LGBTQ

Au Royaume-Uni, les attaques homophobes ont augmenté de 147% depuis le vote sur le Brexit

Temps de lecture : 2 min

La fracture allait bien au-delà de l’Union européenne.

Gay pride de Londres, le 27 juin 2015. NIKLAS HALLE'N / AFP
Gay pride de Londres, le 27 juin 2015. NIKLAS HALLE'N / AFP

Difficile d’imaginer de tels chiffres: des statistiques publiées par l’association LGBT Galop montrent une augmentation de 147% des agressions homophobes lors des trois mois qui ont suivis le référendum sur le Brexit, en juin dernier.

Le Guardian, qui relaye l’information, explique que «Galop a aidé 187 personnes LGBT qui ont été victimes de crimes haineux dans les trois mois qui ont suivi le vote sur le référendum, contre 72 pour la même période en 2015». Sur son site, The Independent précise que ces chiffres «suggèrent que les personnes LGBT sont devenues les cibles d’une minorité qui s’est sentie enhardie par le résultat du référendum et qui pensait pouvoir exprimer leur vieille haine parce qu’il estimaient que, selon les mots de l’un des chercheurs, “cela leur laisse croire que tout le monde pense comme eux maintenant”».

Le Guardian rappelle également que l’après-référendum a connu un pic de crimes racistes à l’encontre de minorités ethniques ou d’étrangers. «Plus de 3.000 allégations de crimes haineux ont été rapportées à la police britannique, largement sous forme de harcèlement et de menaces, dans la semaine avant et la semaine après le vote du 23 juin pour le référendum, une augmentation de 42% par rapport à l’année dernière.»

Disparité des peines

De manière générale, au Royaume-Uni, 80% des 467 personnes LGBT interrogées dans le rapport de Galop expliquent avoir été victime d’une agression homophobe dans leur vie.
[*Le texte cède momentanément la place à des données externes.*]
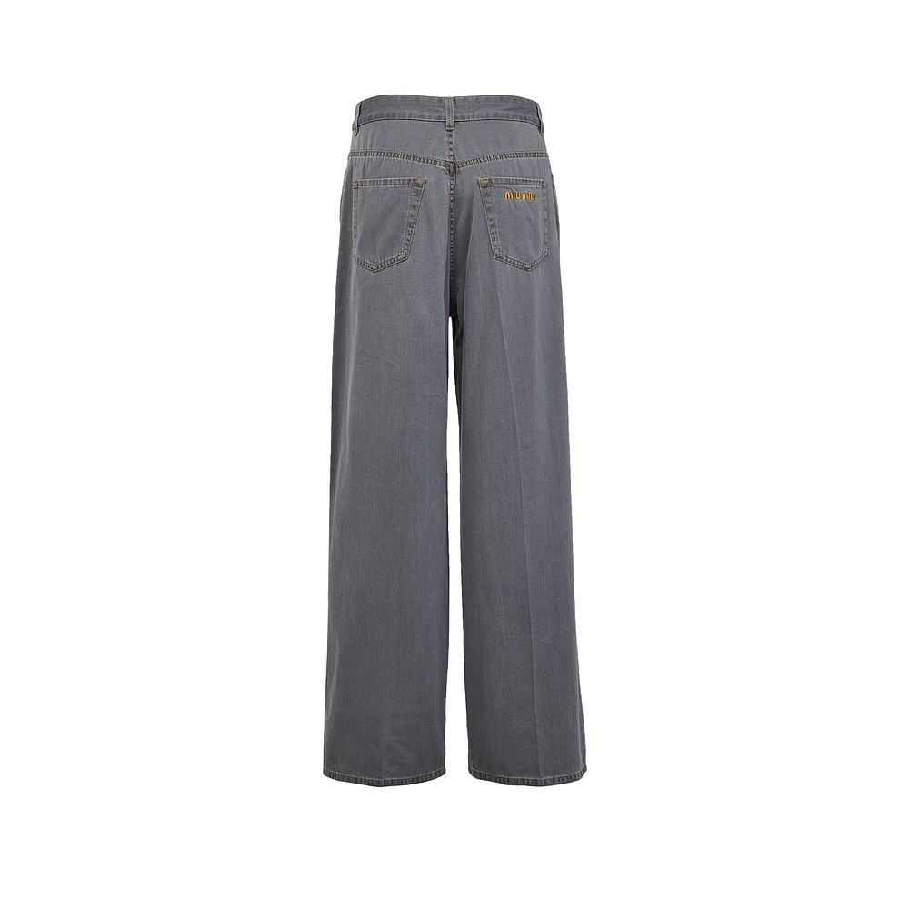 加绒加厚阔腿裤 高腰宽松窄版 子 女秋冬2025新款 灰色烫钻直筒牛仔裤

En revanche, seulement 25% d’entre eux l’ont rapporté à la police, estimant souvent que celle-ci n’était pas capable de faire appliquer la loi.

Nik Noone, dirigeant de Galop, explique ainsi:

«Les réponses du Royaume-Uni aux crimes haineux sont parmi les meilleures dans le monde, mais nos lois contre ces crimes haineux sont loin d’être parfaites. La peine la plus lourde qu’une cour peut donner dans le cadre d'une agression homophobe, transophobe ou sur une personne handicapée est de six mois. C’est juste un quart des deux ans maximum pour les agressions liées aux origines ethniques ou à la religion. Cette disparité doit être corrigée.»

C’est cette «hiérarchie des crimes haineux» qui rend les membres de la communauté LGBT méfiants vis-à-vis de la justice et que les législateurs devront prendre en charge dans ce pays où tout est en train de changer.